Bakery to open on South Crouse Avenue, to sell baked goods from other local bakeries
Margaret Lin | Photo Editor
Students will soon be able to enjoy a freshly made, locally produced cupcake in walking distance of campus.
Between Faegan’s Café and Pub and Dunkin’ Donuts on South Crouse Avenue, a new bakery will open, aptly named Hot Crouse Buns. The bakery will sell baked goods from other local bakeries in Syracuse, such as Geddes Bakery, Lyncourt Bakery and Harrison Bakery, said Frank Gigliotti, the owner.
“We’re just your typical bakery that doesn’t bake,” Gigliotti said.
Gloria Taylor, the manager of Hot Crouse Buns, said she will be able to customize and decorate cakes whenever students want them. Gigliotti said the bakery should open in the next two weeks, but has been facing difficulties with the city.
Once the bakery opens, Gigliotti said he is not concerned about competition from other local food businesses, because there is not a bakery in the area yet. He added that he is confident that he can also gain a strong student clientele, because there are no campus locations around to purchase a birthday cake.
About two years ago, doctors and nurses who frequented Bayberry Uniform and Shoe store located at 742 S. Crouse Ave. would tell him how they wished they could grab a snack near the three hospitals in Syracuse, said Gigliotti, who is also the owner of the uniform store.
Gigliotti’s customers grew tired of the same options from the Dunkin’ Donuts store on the same block as his store, he said. He added that he also noticed a lot of hospital visitors asking around his uniform store about local stores selling good snacks as gifts for the nurses that helped care for their family members and friends.
In addition, Gigliotti said he witnessed many businesses come through the building that will become Hot Crouse Buns. The bakery is right next to his uniform shop.
“This location just kept turning over and over, and I thought ‘There’s got to be something in here that we can put in that is going to be stable,’” he said.

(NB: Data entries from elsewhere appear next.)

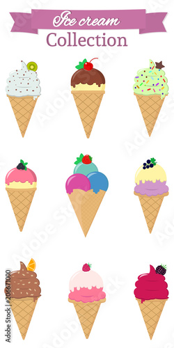 Set of nine different sweet ice cream on white background and pink ribbon with text. Flat style, vector illustration.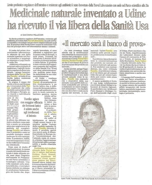 An intestinal regulator probiotic yeast (KLUYVER B0399), resistant to antibiotics, was patented by Turval Laboratories, which has its offices in the Scientific Park of Udine. The market will be the testing ground.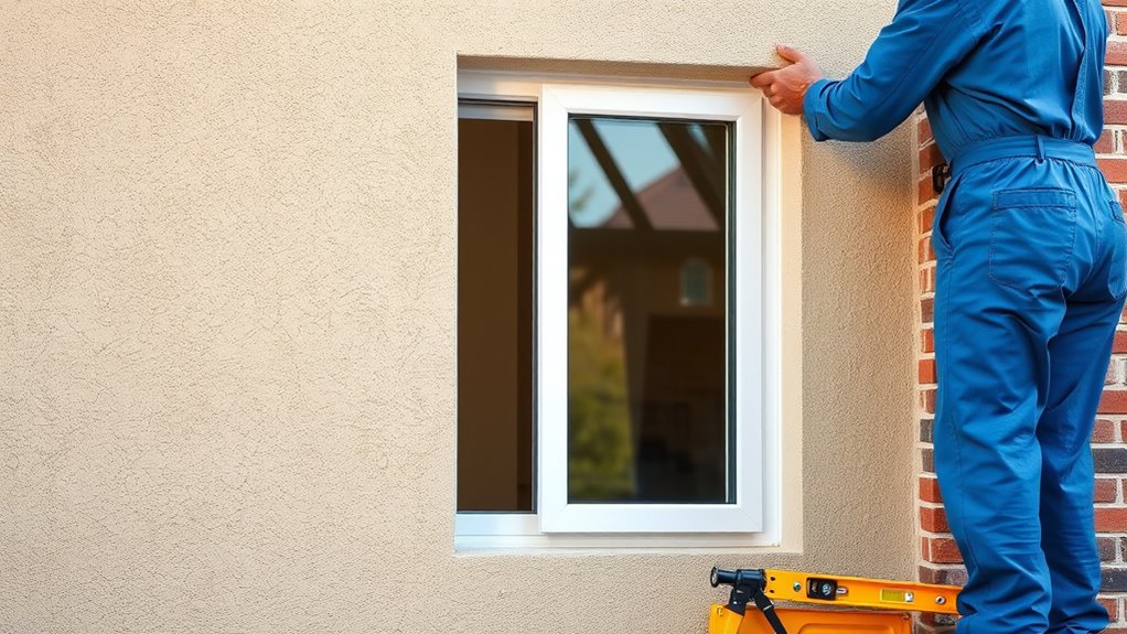 When replacing windows in stucco or brick walls, you must carefully plan and execute each step to guarantee a durable, waterproof installation. Start by inspecting and precisely measuring the opening, then carefully remove the old window and surrounding materials without damaging the structure. Properly install flashing, weather barriers, and sealants to prevent water infiltration. Achieve a seamless finish by matching the exterior surface and ensuring long-term durability—there’s more to mastering this process for professional results.

Before he started the construction on the store, Gigliotti said he brought his 12-year-old daughter to show her the building, “and I said, ‘now all we need is a name.’” Almost instantly, he said his daughter suggested Hot Crouse Buns.
“I didn’t even know that she knew what hot cross buns were,” he said, laughing.

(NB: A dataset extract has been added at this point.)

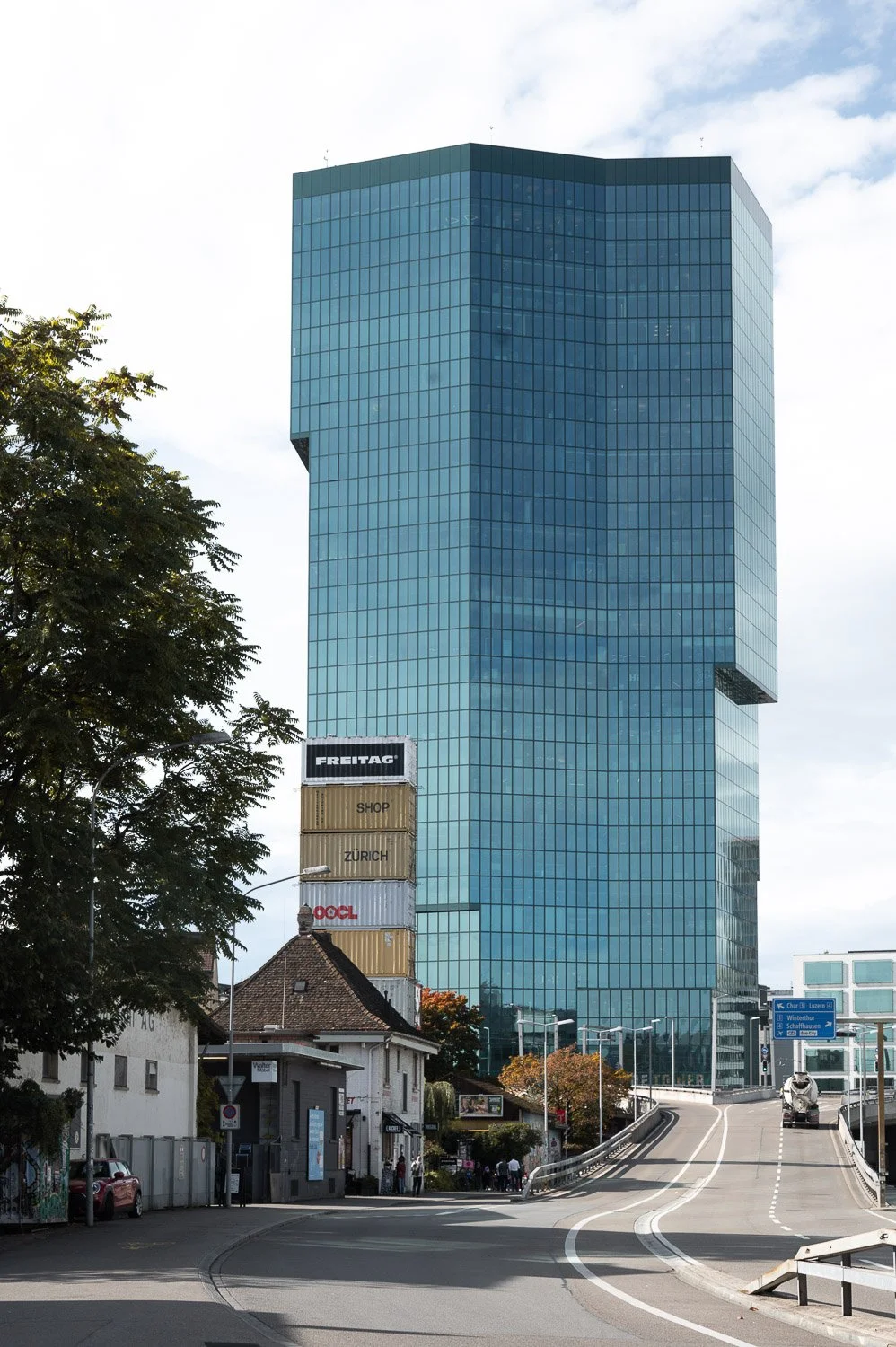 It is easy to imagine the vocation of this neighborhood, formerly an industrial suburb, now a residential area that is gradually being redeveloped. Around the Hardbrücke train station, there are modern buildings such as the Prime Tower, the tallest building in Zurich, where you can have coffee or dine in the top-floor restaurant with a view of the entire city, and old redeveloped buildings, such as the Viadukt, a railway viaduct under whose arches have been built stores and restaurants, and on whose old railroad track runs a promenade with a bicycle path.

Currently inside the bakery, five refrigerated glass cases facing the front entrance are empty. A cash register sits on a long wooden counter behind the glass cases, along with an unplugged coffeemaker and microwave. The walls in the bakery are painted a bright teal, and there is light wood floor paneling installed.
Across from the long glass cases are three large frames that contain completed Coca-Cola puzzles that, Gigliotti said, were put together by his 88-year-old father.
“It’s a tribute to him,” he said, “and this way he can be a part of it.”
Gigliotti said he hopes to open the bakery in two weeks, once the city of Syracuse permits a right of way for the store.
A right of way, Gigliotti said, is a legal document that says if there is a fire emergency, customers in the store could use the pathway between Faegan’s and Dunkin’ Donuts for evacuation. He said he has been waiting for the right of way permission from the city for six months. This stall may be due to the lack of communication between various departments in the city, Gigliotti said.
“It’s very difficult to get something through the city of Syracuse — too many chiefs,” he said.
Jerry Dellas, who owns Faegan’s and Varsity Pizza with his family, said he believes Hot Crouse Buns will be successful, and will fit in perfectly with the unique quality of the other local and diverse food businesses on Marshall Street and South Crouse Avenue.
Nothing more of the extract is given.